Thus, the objective of the present study was to investigate the time course of the mRNA expression of the stress sensor GADD45α, and the apoptosis markers TP53 and CASP3 in the rat lens after in vivo exposure to a sub-threshold dose of UVR-B.

Materials and Methods

Animals

The six-week-old albino Sprague-Dawley (SD) female rat was the experimental animal (Taconic, Denmark). All animals were treated in accordance with the ARVO Statement for the Use of Animals in Ophthalmic and Visual Research. Ethical approval was obtained from the Uppsala Ethics Committee on Animal Experiments, protocol number C29/10.

Exposure to ultraviolet radiation UVR source: UVR-B at 300 nm (UVR-300 nm) was generated with a high-pressure mercury arc lamp (model 6828; Oriel, Stratford CT). The radiation was collimated, passed through a water filter and focused on the entrance slit of a double monochromator. The emerging radiation had a spectral distribution centered at 300 nm with dual peaks at 297.5 nm and 302.6 nm with 10.2 nm full width at half maximum [ 22 ].
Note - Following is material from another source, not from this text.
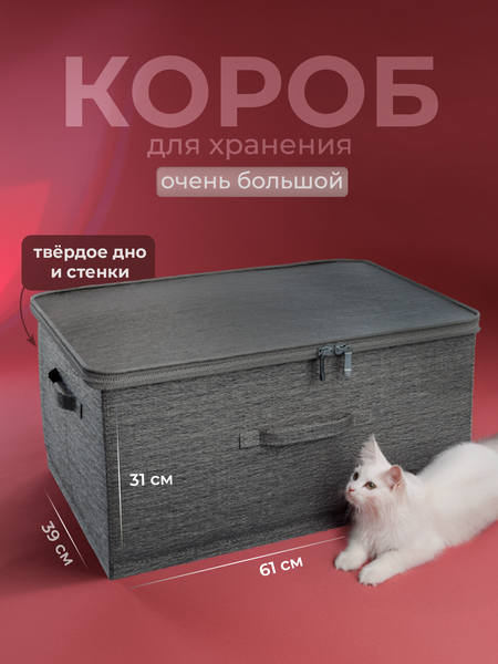 Органайзер для хранения вещей с крышкой, идеальное решение для вашего дома! Используйте его как органайзер для белья или короб для хранения игрушек, принадлежностей для ванной, книг и прочих мелочей. Удобные тканевые ручки позволяют легко перемещать корзину между комнатами. Используйте данный короб для переезда или переноски вещей. Наш органайзер оснащён крышкой на змейке, поэтому он может использоваться как сумка для поездки или как корзина для пикника. Это универсальный складной ящик, который значительно облегчит жизнь. Расположите органайзер в прихожей, спальне, гардеробной или даже на кухне, везде, где нужно организовать хранение одежды и других вещей. В корзинах найдется место для всего, от носков и футболок, до полотенец и джинсов. Это очень вместительные коробки для игрушек и отличный органайзер для детских вещей. Храните нижнее бельё, комплекты носков или книги, используя ящички как органайзеры в шкаф. Всё компактно и под рукой. Прочный материал и каркас обеспечивают устойчивость и лёгкость конструкции. Благодаря конструкции, кофр легко складывается и при необходимости убирается. Также, наши ящики для хранения могут использоваться как органайзер в кухонный шкаф. Ставьте моющие средства или храните кухонную утварь, обеспечив порядок, благодаря нашим тканевым органайзерам. В ванной наши органайзеры для хранения могут стать корзиной для полотенец или для аксессуаров. Стильный и функциональный дизайн прямоугольного органайзера с серой текстильной отделкой станет прекрасным дополнением к любому интерьеру. Размер бокса позволяет удобно разместить его на полках шкафа, в стеллаже или под кроватью. В открытых стеллажах они заменят выдвижные ящики. Больше не придётся тратить время на поиск вещей, наши коробочки кофры помогут всё держать под рукой, обеспечивая порядок и эффективность. Не откладывайте организацию пространства на потом. Приобретите комплект мягких тканевых контейнеров в стиле лофт и начните жить организованно уже сегодня!

The intensity of UVR was measured with a thermopile (model 7101; Oriel, Stratford CT) calibrated to a US National Institute of Standard traceable source.

UVR exposure: Fifteen minutes before the exposure, the animal was anesthetized with a mixture of 90 mg/kg ketamine and 10 mg/kg xylazine injected intraperitoneally and was placed in a rat restrainer [ 22 ]. Then, tropicamide, 10 mg/ml, was instilled in both eyes to induce mydriasis. Each animal was unilaterally exposed to a sub-threshold dose of 1 kJ/m 2 of UVR-300 nm during 15 minutes [ 23 ], while the contralateral eye was shielded during the exposure.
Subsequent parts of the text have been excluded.